_Required action_.
Exact copies of all the lines below are wanted, without a single picture.

_Source material_.
──────────

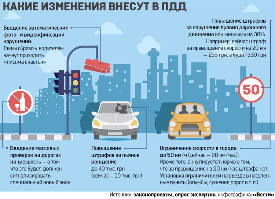 Также могут повысить уже существующие штрафы за нарушение правил дорожного движения. Глава МВД назвал их жесткими. В ведомстве говорят, что хотят поднять штрафы как минимум на 30%. То есть если сейчас за нарушение правил обгона грозит 425 грн, то будет 552 грн. А нынешние 510 грн за превышение скорости на 50 км/ч станут 705 грн.
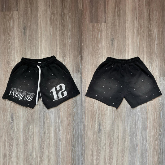 Huilin Individuelle Acid-Wash-Vintage-Shorts für Herren, schwere Sweat-Shorts aus französischem Frottee aus Baumwolle, individuell bedruckte Shorts mit Strasssteinen, sonnenverblasst
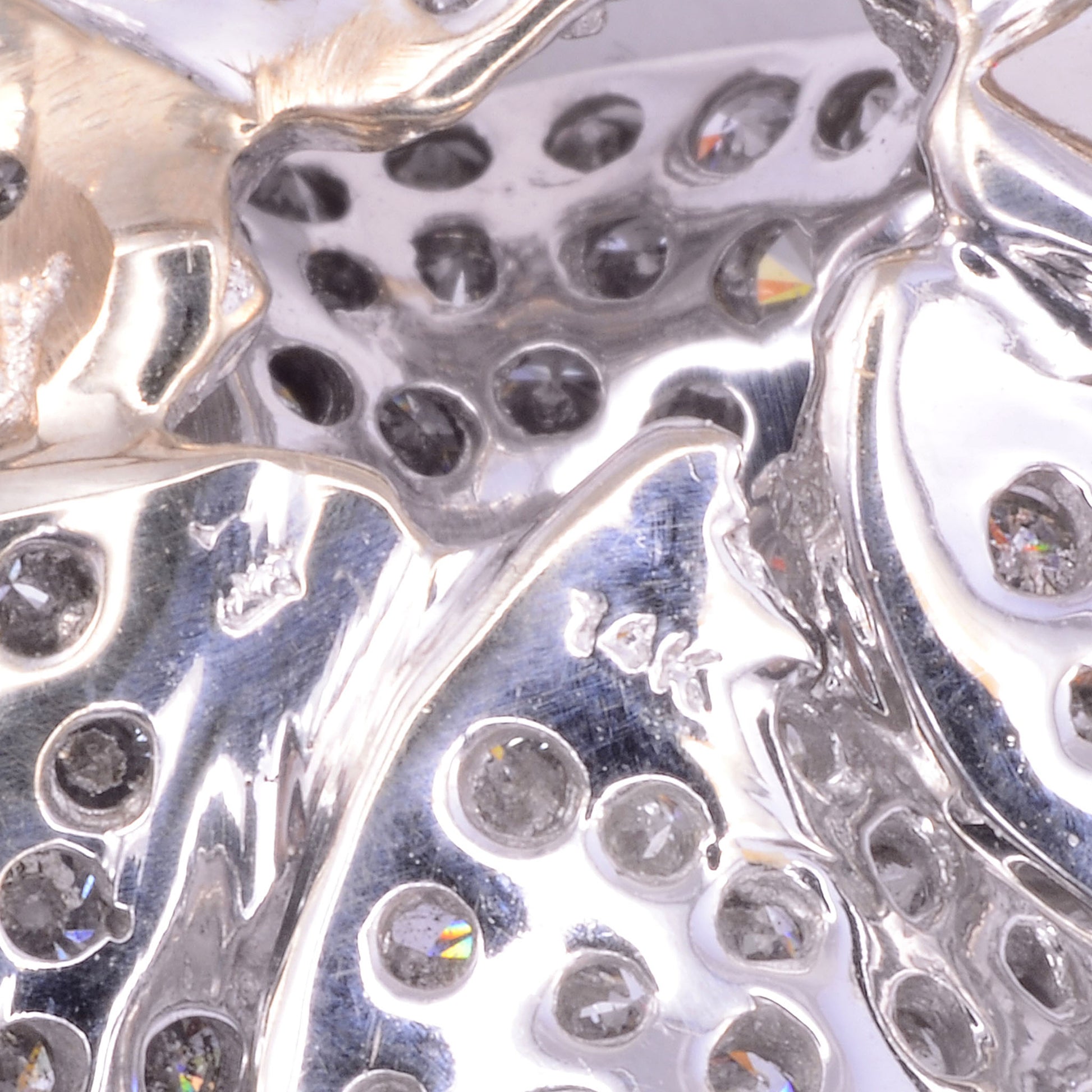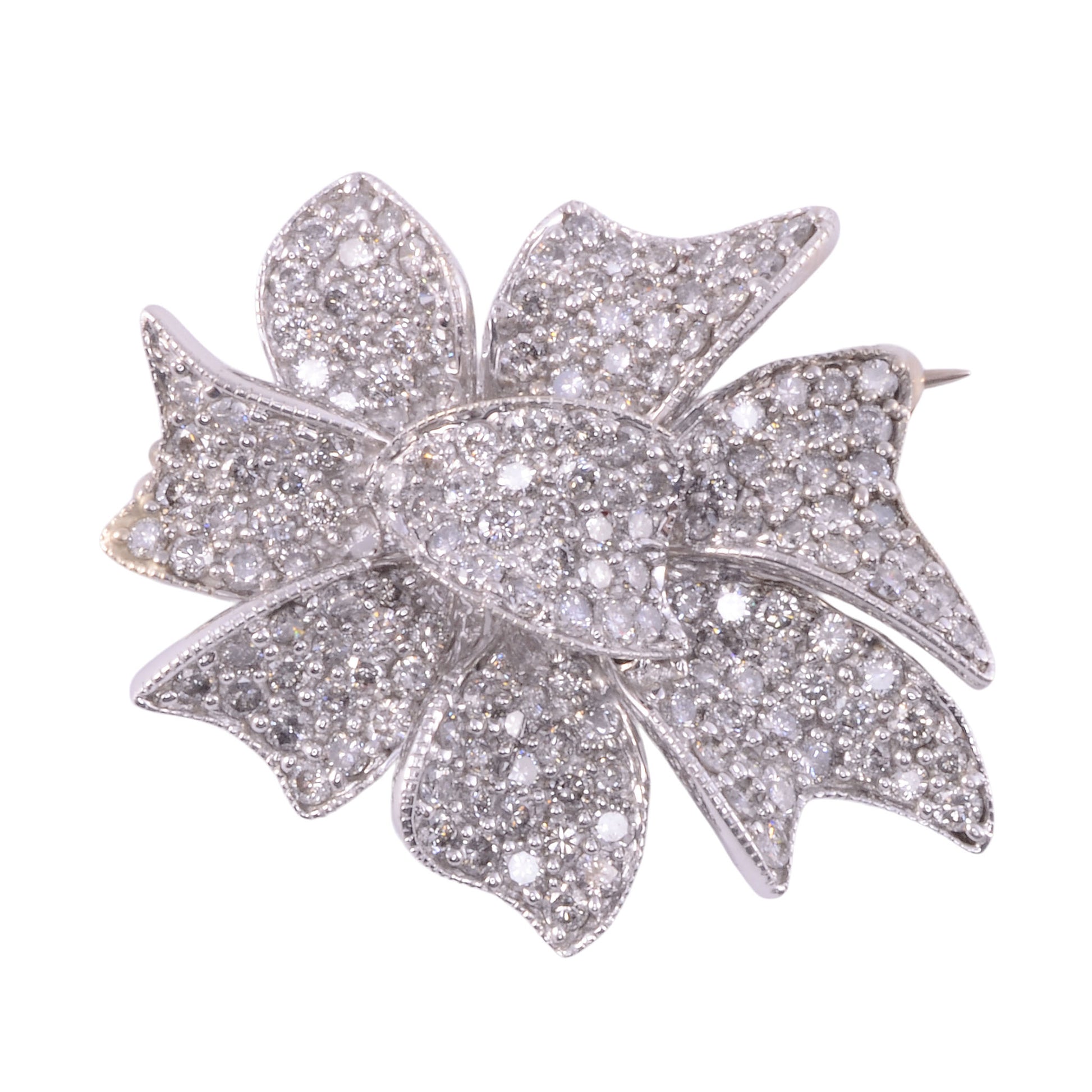 Estate 2.25 CTW pave diamond bow pin. This estate pin is crafted in 14 karat white gold featuring 2.25 carat total weight of pave set diamonds. The diamonds have VS2-SI2 clarity and H-J color, two at I1. This diamond brooch features milgrain detailing. [MHOP KIMH2020P]

──────────

_Expected answer_.
 Также могут повысить уже существующие штрафы за нарушение правил дорожного движения. Глава МВД назвал их жесткими. В ведомстве говорят, что хотят поднять штрафы как минимум на 30%. То есть если сейчас за нарушение правил обгона грозит 425 грн, то будет 552 грн. А нынешние 510 грн за превышение скорости на 50 км/ч станут 705 грн.
 Huilin Individuelle Acid-Wash-Vintage-Shorts für Herren, schwere Sweat-Shorts aus französischem Frottee aus Baumwolle, individuell bedruckte Shorts mit Strasssteinen, sonnenverblasst
 Estate 2.25 CTW pave diamond bow pin. This estate pin is crafted in 14 karat white gold featuring 2.25 carat total weight of pave set diamonds. The diamonds have VS2-SI2 clarity and H-J color, two at I1. This diamond brooch features milgrain detailing. [MHOP KIMH2020P]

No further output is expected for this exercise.